War er Opfer, Nutznießer oder Mitläufer? Stefan Heym zählt zu den bedeutendsten deutschen Autoren des 20. Jahrhunderts. Seine Rolle in der DDR ist bis heute umstritten, von der roten Diktatur hat er sich nach Ansicht von Kritikern nie eindeutig genug distanziert. In Chemnitz soll jetzt sein Werk aufgearbeitet werden.
Richtig bekannt wurde er im November 1989. Da hatte Stefan Heym auf dem Berliner Alexanderplatz seinen wohl wichtigsten Auftritt. Vor Hunderttausenden und mit poetischer Rhetorik sprach er der Friedlichen Revolution aus der Seele. Von „Mief“ und „Stagnation“ war da die Rede, und dass nach 40 Jahren Unterdrückung durch die SED endlich „Fenster aufgestoßen“ seien, um frische Luft zu atmen.
Viele Beobachter, auch im Westen, sahen in Heym damals den kommenden Mann der DDR, einen ostdeutschen Vaclav Havel mit Hornbrille und schütterem Haar, eine moralische Instanz wider die Diktatur. Einst hatte Heym für die US-Armee psychologische Kriegsführung betrieben, Flugblätter verfasst, und Wehrmachtssoldaten zum Überlaufen animiert. Aus seiner linken Gesinnung hatte der Sachse schon damals keinen Hehl gemacht.

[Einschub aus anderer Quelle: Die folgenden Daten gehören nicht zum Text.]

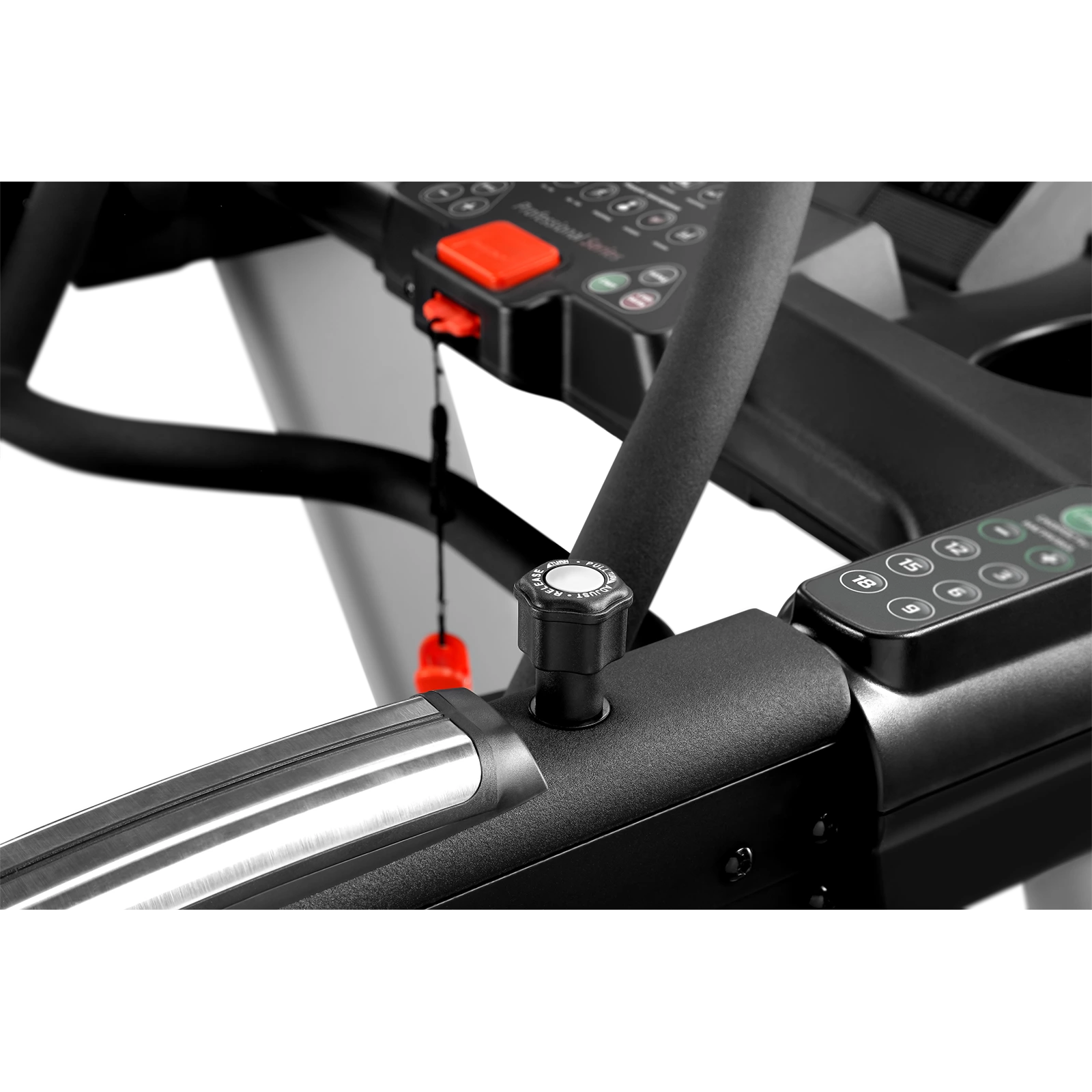 Пульт управления дорожкой состоит из двух панелей: панель управления беговой дорожкой и панель силового сопротивления. Пакет программ включает 12 силовых программ и 21 кардиотренировку — интервальные разной сложности, целевые программы для повышения выносливости, скорости и улучшения физической формы, пользовательские и т.д. Легкочитаемый LED дисплей состоит из 5 окон, отображает тип занятия (силовое или кардио), параметры и данные о тренировке: текущие скорость, пульс, дистанцию, темп, затраченную энергию в Вт и калориях, уровень нагрузки, рекомендованные верхнюю и нижнюю границы пульса согласно возрасту, выбранную программу, угол наклона.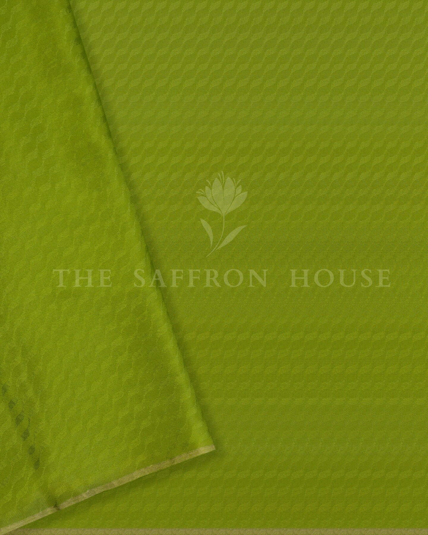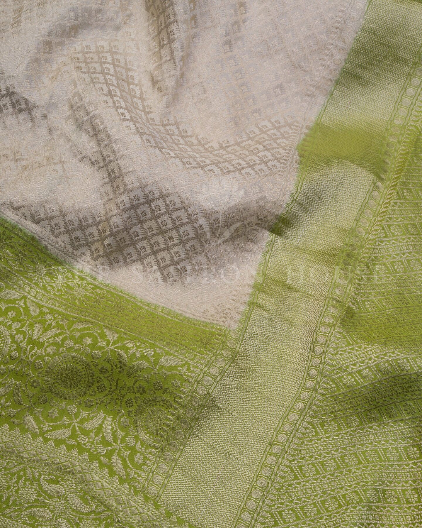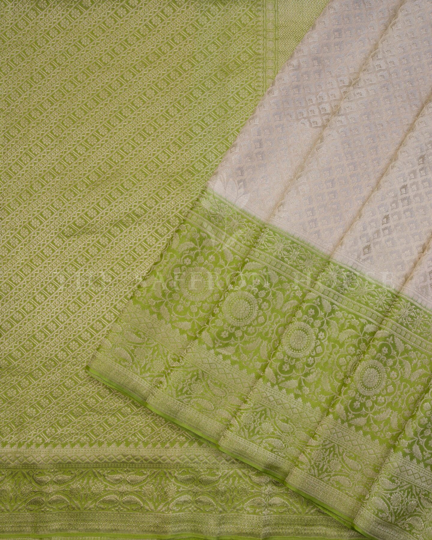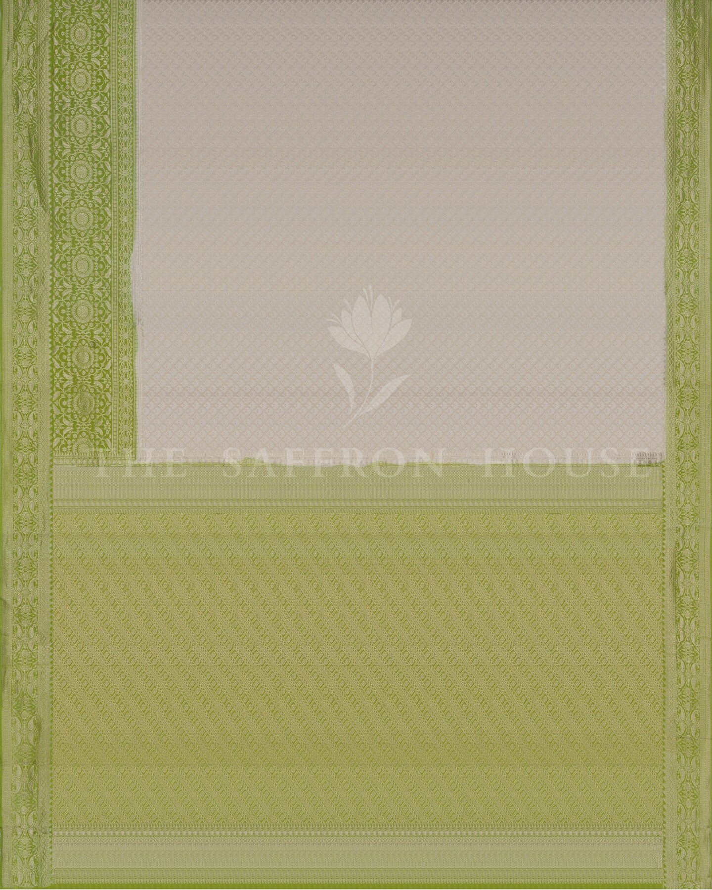 There is something about the interplay of ivory and lime green that feels both ancient and alive. This Brocade Kanjivaram silk saree opens with timeless as heirloom milk silk, its surface shimmering with the unhurried rhythm of the loom.

Nun soll das Werk Stefan Heyms, unter anderem durch ein Digitalisierungsprojekt an der Technischen Universität Chemnitz, revitalisiert werden. In Heyms Geburtsort, der zu Zeiten der roten Diktatur Karl-Marx-Stadt hieß, kann man sich sogar für einen „Internationalen Stefan-Heym-Preis“ empfehlen lassen. Seine Bücher müssten „zurück in die Klassenzimmer“, heißt es in Chemnitz.
Keine Schullektüre mehr
Dass sie heute in keinem Bundesland mehr zur Pflichtlektüre an weiterführenden Schulen zählen, hat einen Grund: Fünf Jahre nach seinem Auftritt auf dem Alexanderplatz, den auch das westdeutsche Fernsehen gezeigt hatte, saß der parteilose Autor von Romanen wie „Collin“ und „Schwarzenberg“ (siehe Kasten) unverhofft im Deutschen Bundestag – ausgerechnet als Abgeordneter der einstigen DDR-Staatspartei SED, die sich nun PDS nannte. Heute firmiert sie als „Die Linke“.

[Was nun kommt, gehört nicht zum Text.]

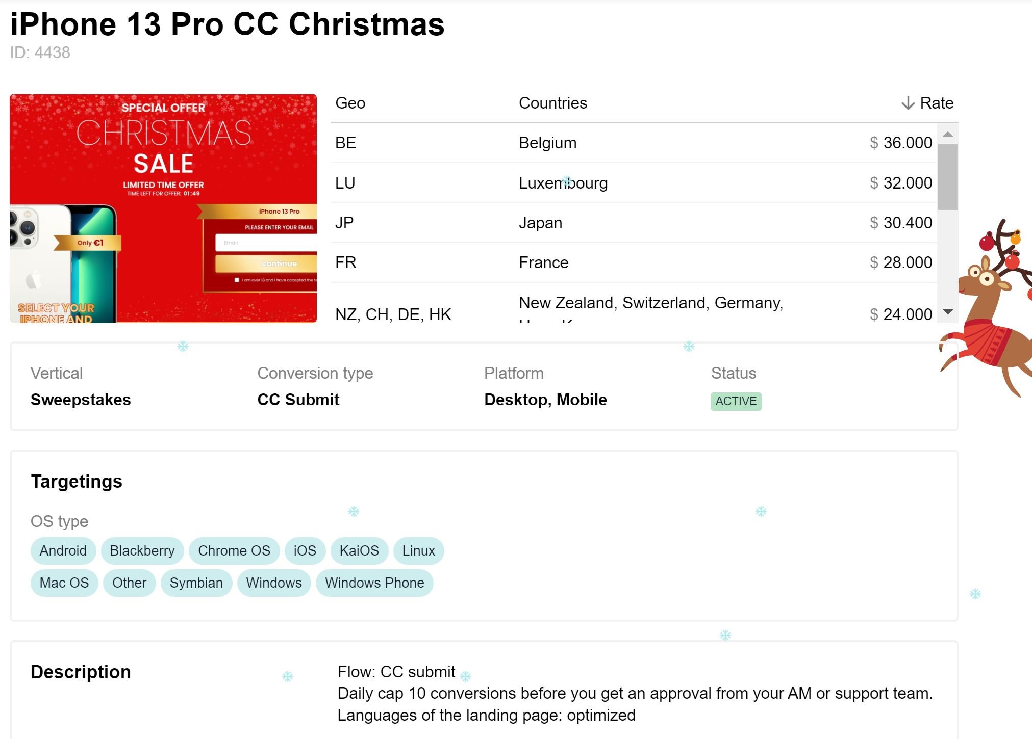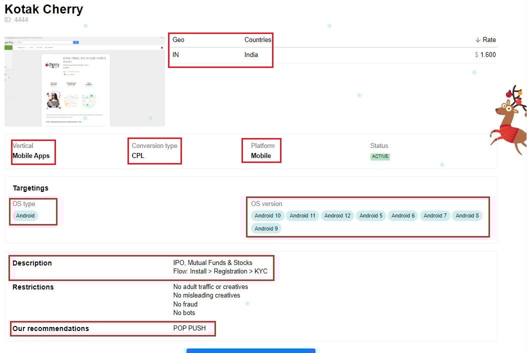 Também conhecido como ofertas de CPA. Eles contêm todos os detalhes e requisitos específicos que afiliados como você precisam atender. E quando você respeitar todas as condições, poderá cobrar por cada lead ou ação gerada.

„Wer Heym reanimiert, postlegitimiert die DDR und lässt ihre Verbrechen hinter einem Schleier des Nebulösen verschwinden“, kritisiert die Berliner Autorin und Filmemacherin Freya Klier, die zu den bekannteren Vertretern der früheren DDR-Opposition gehört. Nach Kliers Angaben stand Heym in Diensten des sowjetischen Geheimdiensts KGB. In der deutschen Öffentlichkeit sei das kaum bekannt, bedauert sie.
Das Maß war voll
Lange hatten selbst Wegbegleiter und Sympathisanten mit sich und Heym gehadert. Doch als der Schriftsteller am 10. November 1994 im Namen seiner Fraktion als Alterspräsident die Eröffnungsrede zur ersten Bundestagssitzung hielt, war das Maß voll. Die Unionsfraktion verweigerte den Schlussapplaus, derweil es in Reihen von FDP und SPD deutlich rumorte, schließlich hatten gerade die Sozialdemokraten besonders arg unter der Unterdrückungsmaschinerie gelitten.
Die Union protestierte dagegen, dass ausgerechnet ein Vertreter der SED-Nachfolger am Rednerpult des ersten gesamtdeutschen Parlaments stand. Der damalige Bundeskanzler Helmut Kohl (CDU) warf Heym vor, mit „gespaltener Zunge“ zu sprechen, womit er seine Rolle als vermeintliches Opfer der SED-Diktatur in Abrede stellte. Auch jenseits der Parteipolitik hat seine Tätigkeit für die PDS Heyms Ansehen nachhaltig geschadet.
Demokratische Gesinnung
In den Chefetagen namhafter Medien war Stefan Heym damals nur noch peinlich: ein schreibendes Fossil, das der Vergessenheit anheimfiel – „wie alles, was die kommunistische Diktatur hinterlassen hatte“, erinnert sich der langjährige „Spiegel“-Redakteur Matthias Matussek. Und auch, dass Heyms demokratische Gesinnung, gemessen an seinem Engagement für den Sozialismus, vielen Redaktionsleitern fragwürdig erschienen sei.